:: DATA EXTRACTS

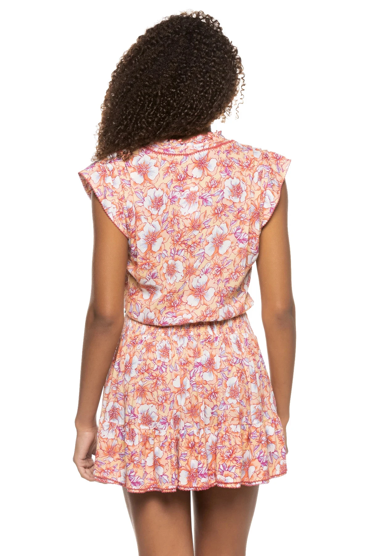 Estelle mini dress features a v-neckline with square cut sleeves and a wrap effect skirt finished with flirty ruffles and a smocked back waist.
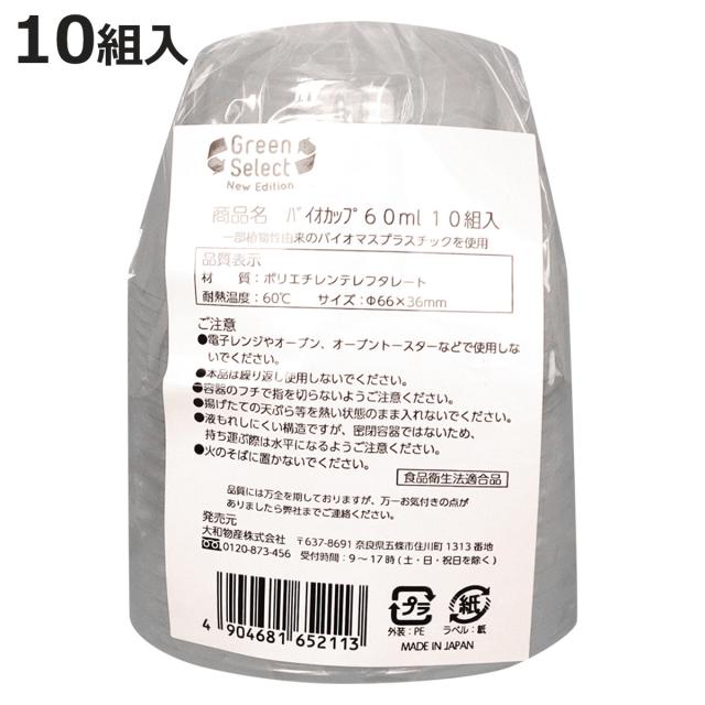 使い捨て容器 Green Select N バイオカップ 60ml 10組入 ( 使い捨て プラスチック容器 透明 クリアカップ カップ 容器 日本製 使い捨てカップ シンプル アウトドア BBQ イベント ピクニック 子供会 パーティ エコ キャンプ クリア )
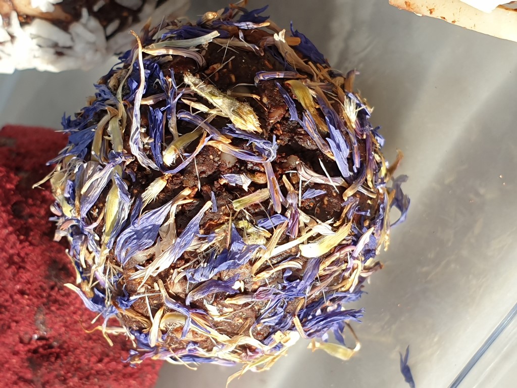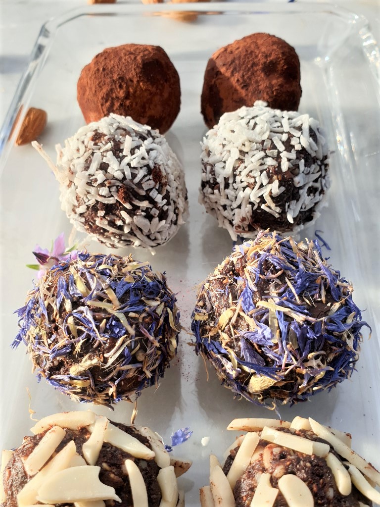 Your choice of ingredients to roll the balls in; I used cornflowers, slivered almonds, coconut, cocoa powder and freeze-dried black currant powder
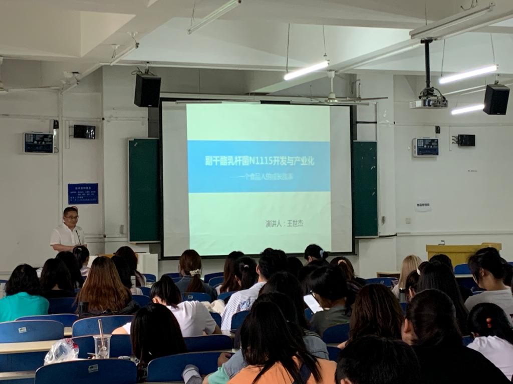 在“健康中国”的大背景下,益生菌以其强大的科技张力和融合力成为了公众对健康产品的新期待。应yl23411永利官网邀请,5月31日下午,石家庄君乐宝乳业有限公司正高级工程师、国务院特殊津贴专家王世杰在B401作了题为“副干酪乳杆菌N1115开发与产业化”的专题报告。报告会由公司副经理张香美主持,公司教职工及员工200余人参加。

::::
:: DATA EXTRACTS

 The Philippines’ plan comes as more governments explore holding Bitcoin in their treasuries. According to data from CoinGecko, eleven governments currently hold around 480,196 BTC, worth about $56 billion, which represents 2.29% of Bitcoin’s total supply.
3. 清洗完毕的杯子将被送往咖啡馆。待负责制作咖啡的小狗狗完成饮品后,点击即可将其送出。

::::

__ASSIGNED TASK__:
With the line holding "The Philippines’ plan" as the first and the line holding "3. 清洗完毕的杯子将被送往" as the last, set down that range of the entries above exactly, and nothing else.

__RESULT OF THIS TASK__:
 The Philippines’ plan comes as more governments explore holding Bitcoin in their treasuries. According to data from CoinGecko, eleven governments currently hold around 480,196 BTC, worth about $56 billion, which represents 2.29% of Bitcoin’s total supply.
3. 清洗完毕的杯子将被送往咖啡馆。待负责制作咖啡的小狗狗完成饮品后,点击即可将其送出。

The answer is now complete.